§ Input data:
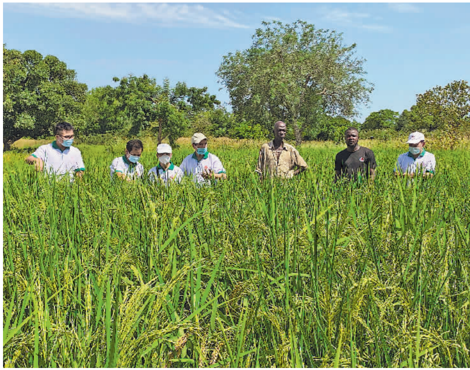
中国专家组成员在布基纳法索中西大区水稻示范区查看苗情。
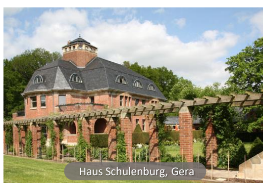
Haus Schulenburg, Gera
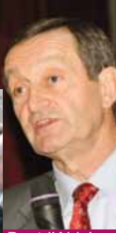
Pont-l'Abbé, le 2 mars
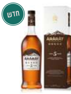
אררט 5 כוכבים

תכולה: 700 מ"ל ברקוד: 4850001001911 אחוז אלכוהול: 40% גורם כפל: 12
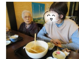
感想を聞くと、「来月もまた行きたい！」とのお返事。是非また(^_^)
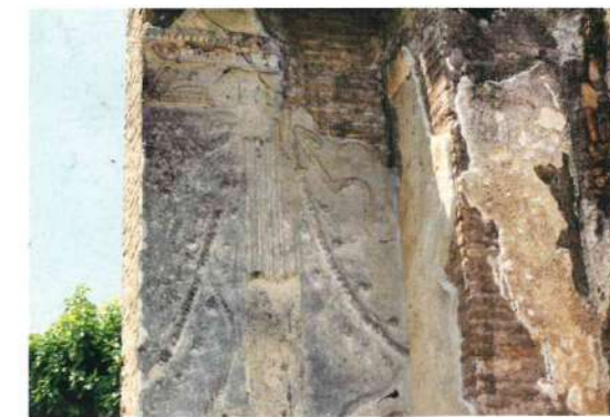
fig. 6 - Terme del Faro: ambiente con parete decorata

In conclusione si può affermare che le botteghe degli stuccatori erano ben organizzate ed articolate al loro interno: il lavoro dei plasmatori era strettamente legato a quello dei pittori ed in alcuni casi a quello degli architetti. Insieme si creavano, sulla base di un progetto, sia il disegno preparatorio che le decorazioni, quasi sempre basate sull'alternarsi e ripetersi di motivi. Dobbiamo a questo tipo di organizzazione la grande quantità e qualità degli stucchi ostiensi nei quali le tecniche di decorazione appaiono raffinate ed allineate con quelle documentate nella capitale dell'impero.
--
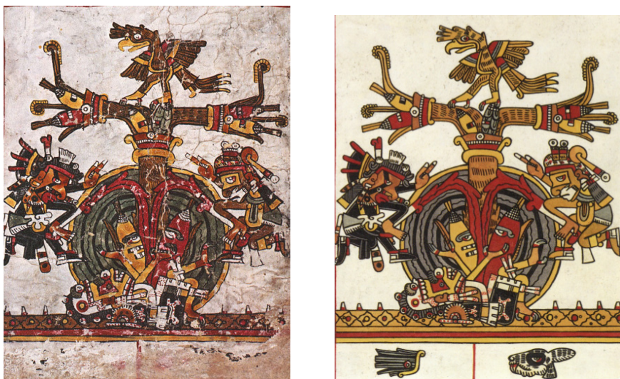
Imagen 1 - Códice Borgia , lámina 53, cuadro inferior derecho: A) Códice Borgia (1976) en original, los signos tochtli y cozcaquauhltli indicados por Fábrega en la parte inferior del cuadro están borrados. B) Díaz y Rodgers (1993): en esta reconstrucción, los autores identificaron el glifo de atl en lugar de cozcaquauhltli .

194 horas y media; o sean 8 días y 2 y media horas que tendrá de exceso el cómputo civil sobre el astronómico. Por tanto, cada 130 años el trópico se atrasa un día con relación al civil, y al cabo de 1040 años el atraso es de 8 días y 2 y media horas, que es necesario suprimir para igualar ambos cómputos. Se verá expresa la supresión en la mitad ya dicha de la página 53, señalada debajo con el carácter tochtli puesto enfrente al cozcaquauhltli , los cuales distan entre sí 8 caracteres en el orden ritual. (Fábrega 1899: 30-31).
...
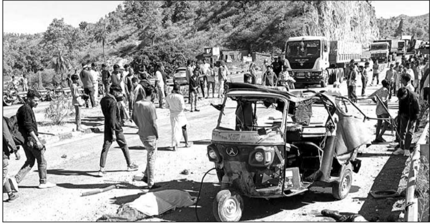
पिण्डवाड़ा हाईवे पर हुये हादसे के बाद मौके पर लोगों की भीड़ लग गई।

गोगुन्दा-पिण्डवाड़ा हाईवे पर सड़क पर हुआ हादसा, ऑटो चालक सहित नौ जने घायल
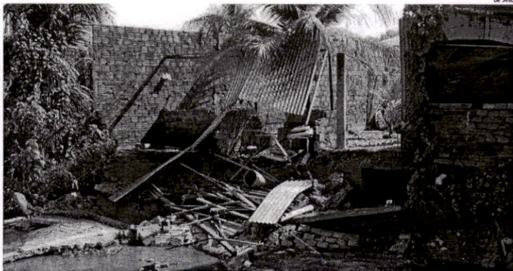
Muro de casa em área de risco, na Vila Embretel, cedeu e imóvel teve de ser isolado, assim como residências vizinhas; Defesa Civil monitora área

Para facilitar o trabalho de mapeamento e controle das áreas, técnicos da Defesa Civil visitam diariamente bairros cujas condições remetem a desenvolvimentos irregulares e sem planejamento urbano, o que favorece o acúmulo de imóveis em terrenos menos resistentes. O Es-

§ Task instructions: Tally the lines of the records that hold the word "Fábrega" and output only the total.

§ Result: 2